- _YOUR INSTRUCTIONS_:
Wherever pictures appear in the listing below, leave them out, and copy exactly, and only, everything from the line with "8、扫描文件被打开。我们手指放在ipad的右上角,向下拖动。" down to the line with "Non-stretch denim jacket.".
** Opening SUPPLIED ENTRIES block **
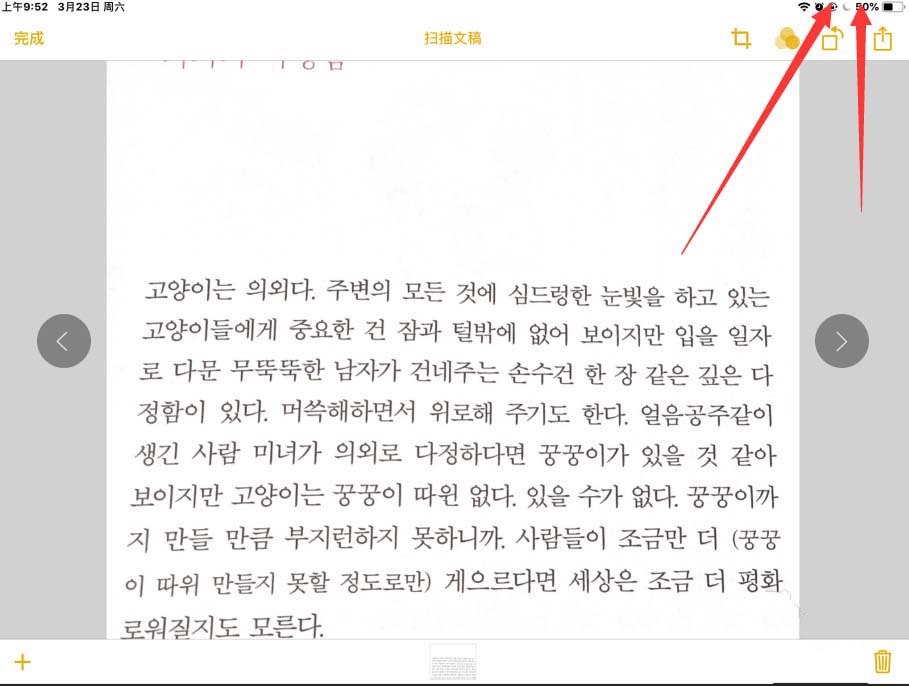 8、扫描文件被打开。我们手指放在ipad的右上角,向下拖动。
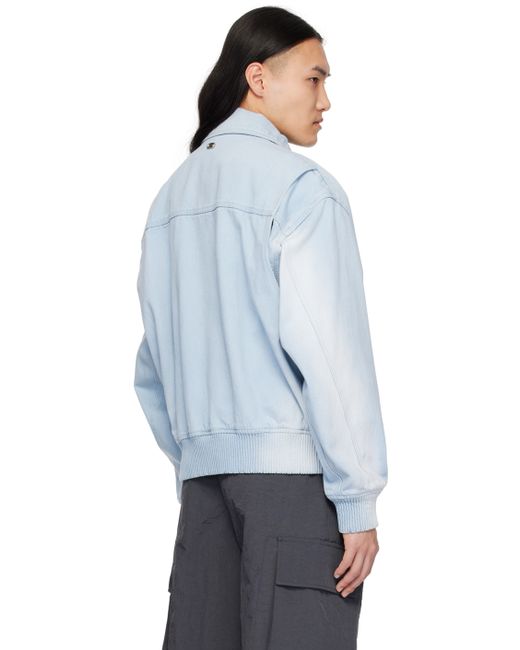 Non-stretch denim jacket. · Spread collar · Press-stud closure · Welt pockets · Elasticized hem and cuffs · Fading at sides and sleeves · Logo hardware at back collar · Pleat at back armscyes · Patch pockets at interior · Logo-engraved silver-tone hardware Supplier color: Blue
** Closing SUPPLIED ENTRIES block **
** Opening SUPPLIED ENTRIES block **
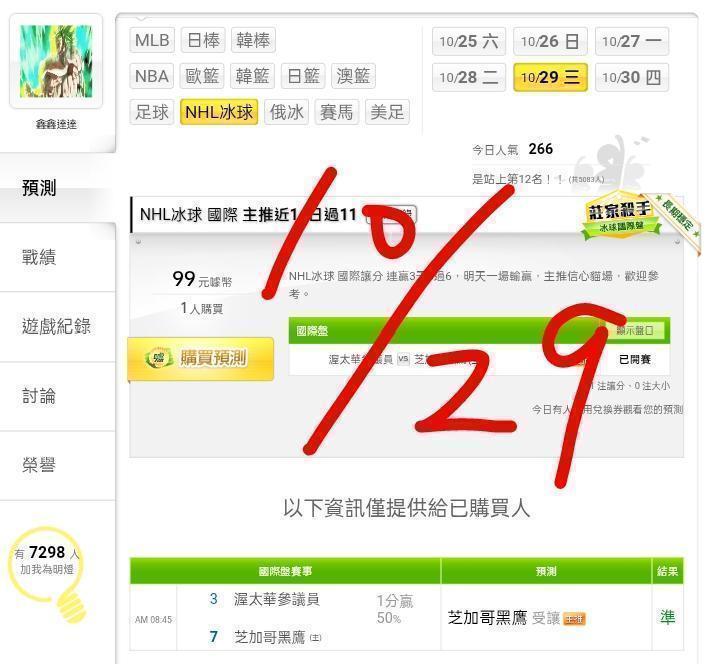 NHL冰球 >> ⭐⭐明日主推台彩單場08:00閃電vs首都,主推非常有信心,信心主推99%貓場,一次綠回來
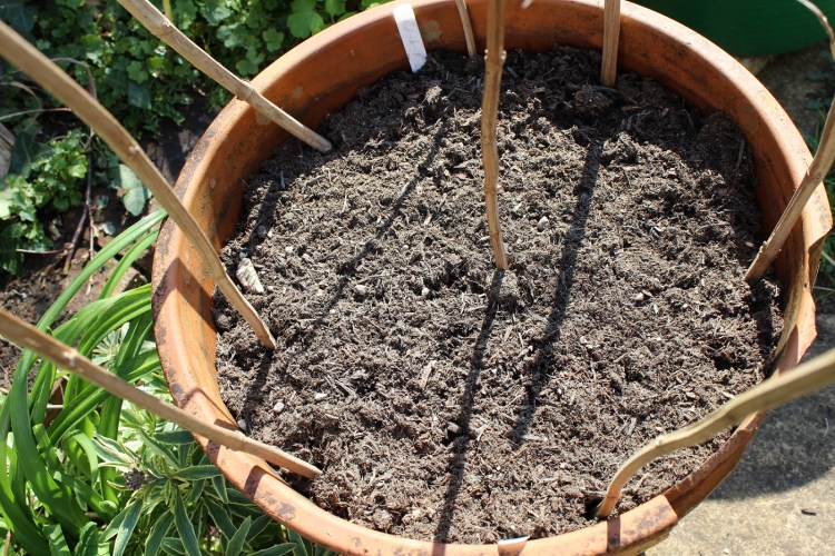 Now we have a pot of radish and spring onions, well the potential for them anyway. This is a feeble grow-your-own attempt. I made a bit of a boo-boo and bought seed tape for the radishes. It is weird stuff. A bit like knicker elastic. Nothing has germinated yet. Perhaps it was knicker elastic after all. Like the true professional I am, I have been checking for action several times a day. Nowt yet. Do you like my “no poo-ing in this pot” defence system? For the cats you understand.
** Closing SUPPLIED ENTRIES block **
** Opening SUPPLIED ENTRIES block **
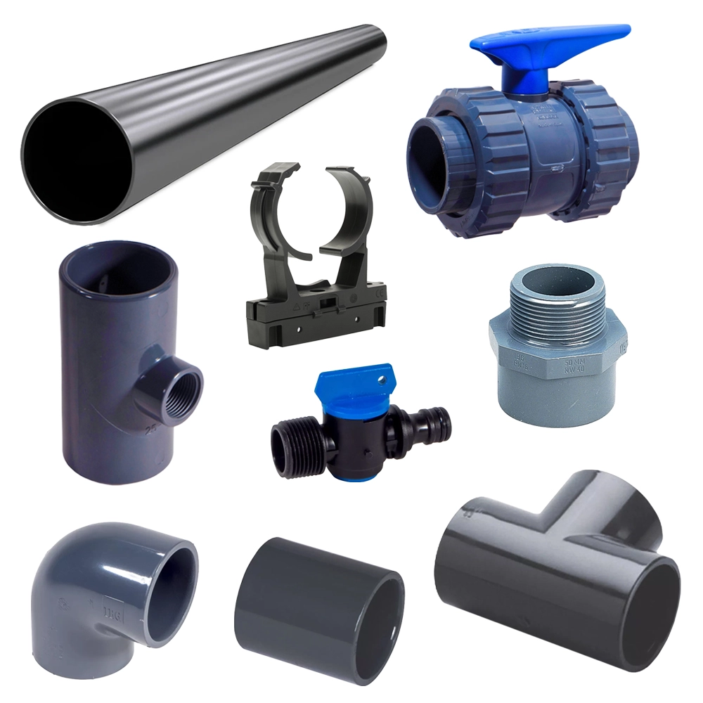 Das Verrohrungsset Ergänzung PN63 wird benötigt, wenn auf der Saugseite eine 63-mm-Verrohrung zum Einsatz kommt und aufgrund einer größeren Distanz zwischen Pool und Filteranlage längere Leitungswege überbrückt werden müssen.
** Closing SUPPLIED ENTRIES block **
- _RESULT OF THE TASK_:
 8、扫描文件被打开。我们手指放在ipad的右上角,向下拖动。
 Non-stretch denim jacket. · Spread collar · Press-stud closure · Welt pockets · Elasticized hem and cuffs · Fading at sides and sleeves · Logo hardware at back collar · Pleat at back armscyes · Patch pockets at interior · Logo-engraved silver-tone hardware Supplier color: Blue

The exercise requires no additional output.